EXERCISE
Your answer must be the full listing below, repeated exactly, with no pictures in it.

**** COLLECTED DATA

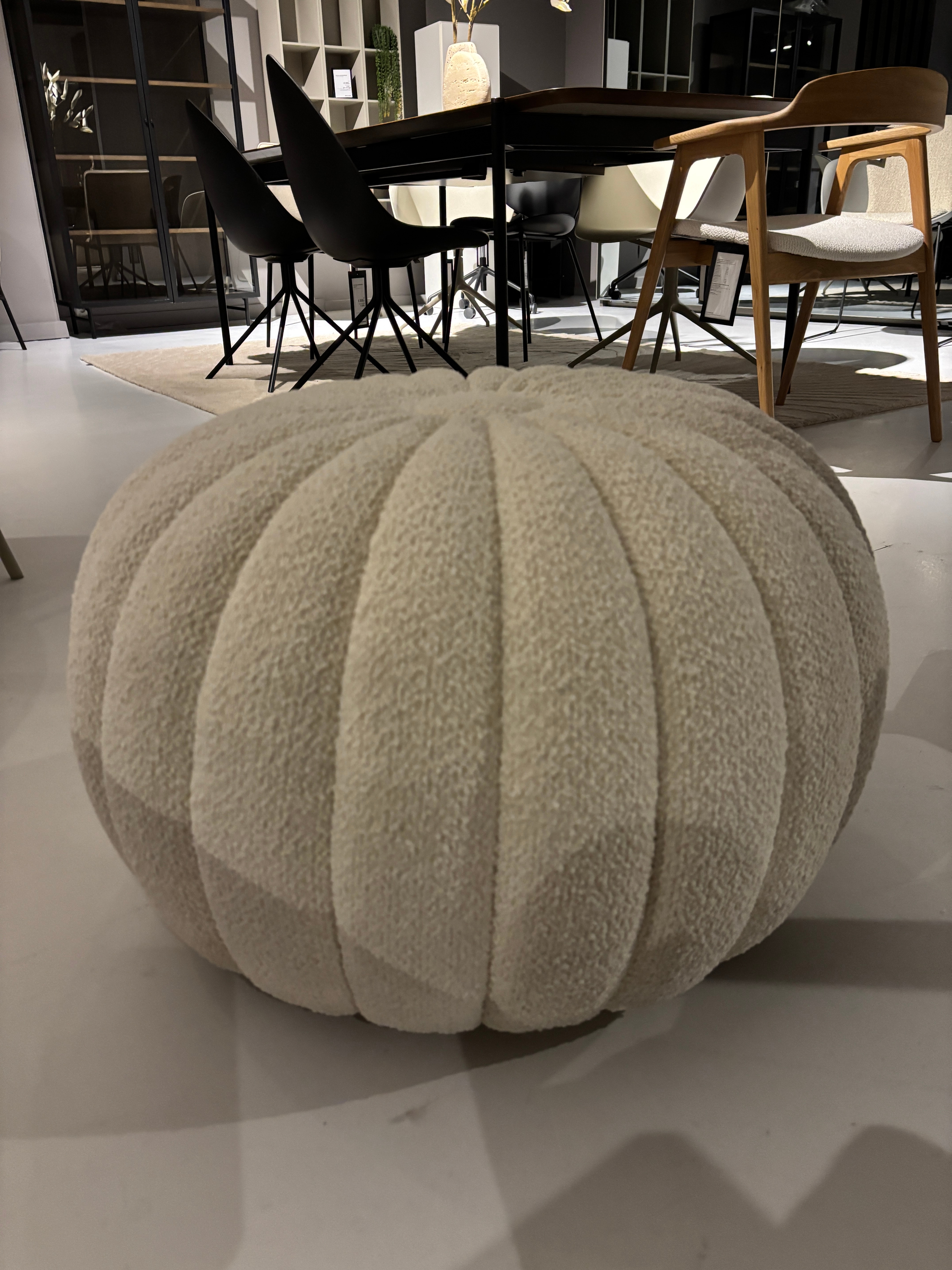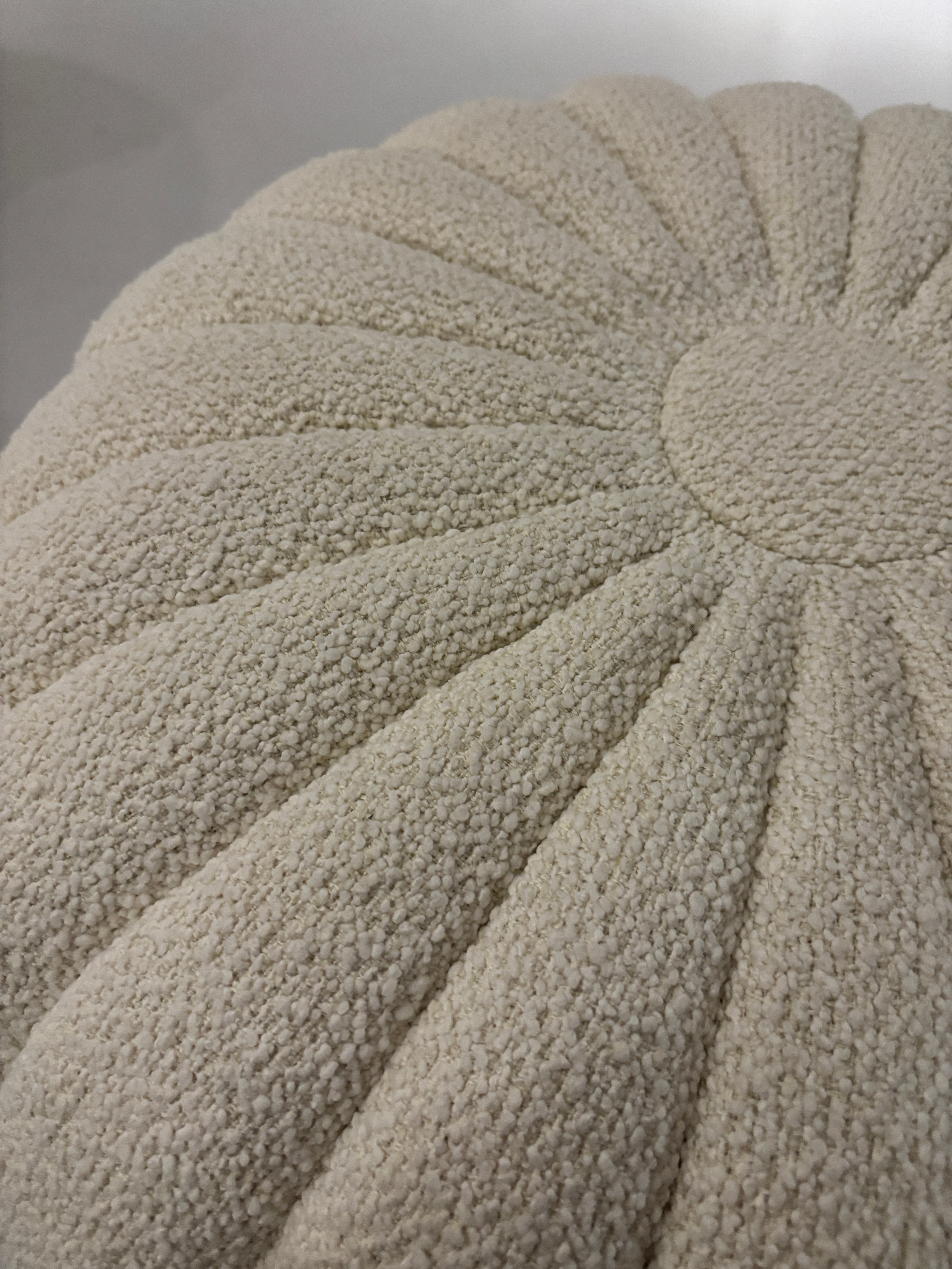 Voel de Limited Edition Rimini bouclé stof in Blossom, exclusief voor onze Sweet Art poefs – met een zachte, vrouwelijke textuur.
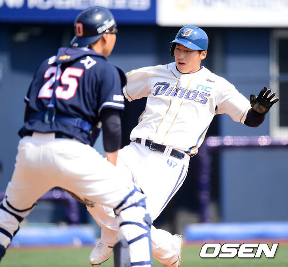 18일 오후 창원 마산야구장에서 열린 '2014 한국야쿠르트 세븐 프로야구' 시범경기 NC 다이노스와 두산 베어스의 경기, 2회말 무사 1루에서 NC 모창민의 좌전 적시타 때 1루주자 나성범이 홈으로 쇄도하고 있다.
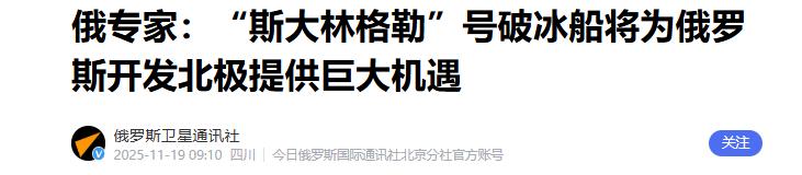 俄罗斯卫星通讯社——2025年11月19日——俄专家:“斯大林格勒”号破冰船将为俄罗斯开发北极提供巨大机遇
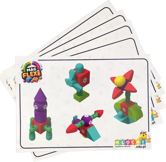 În pachet găsești forme variate – roți, triunghiuri, pătrate, distanțiere și îmbinări articulate – care dezvoltă gândirea logică, coordonarea mână–ochi și creativitatea. Cardurile cu idei incluse îi ajută pe începători și inspiră proiecte proprii.

********

EXERCISE RESULT
 Voel de Limited Edition Rimini bouclé stof in Blossom, exclusief voor onze Sweet Art poefs – met een zachte, vrouwelijke textuur.
 18일 오후 창원 마산야구장에서 열린 '2014 한국야쿠르트 세븐 프로야구' 시범경기 NC 다이노스와 두산 베어스의 경기, 2회말 무사 1루에서 NC 모창민의 좌전 적시타 때 1루주자 나성범이 홈으로 쇄도하고 있다.
 俄罗斯卫星通讯社——2025年11月19日——俄专家:“斯大林格勒”号破冰船将为俄罗斯开发北极提供巨大机遇
 În pachet găsești forme variate – roți, triunghiuri, pătrate, distanțiere și îmbinări articulate – care dezvoltă gândirea logică, coordonarea mână–ochi și creativitatea. Cardurile cu idei incluse îi ajută pe începători și inspiră proiecte proprii.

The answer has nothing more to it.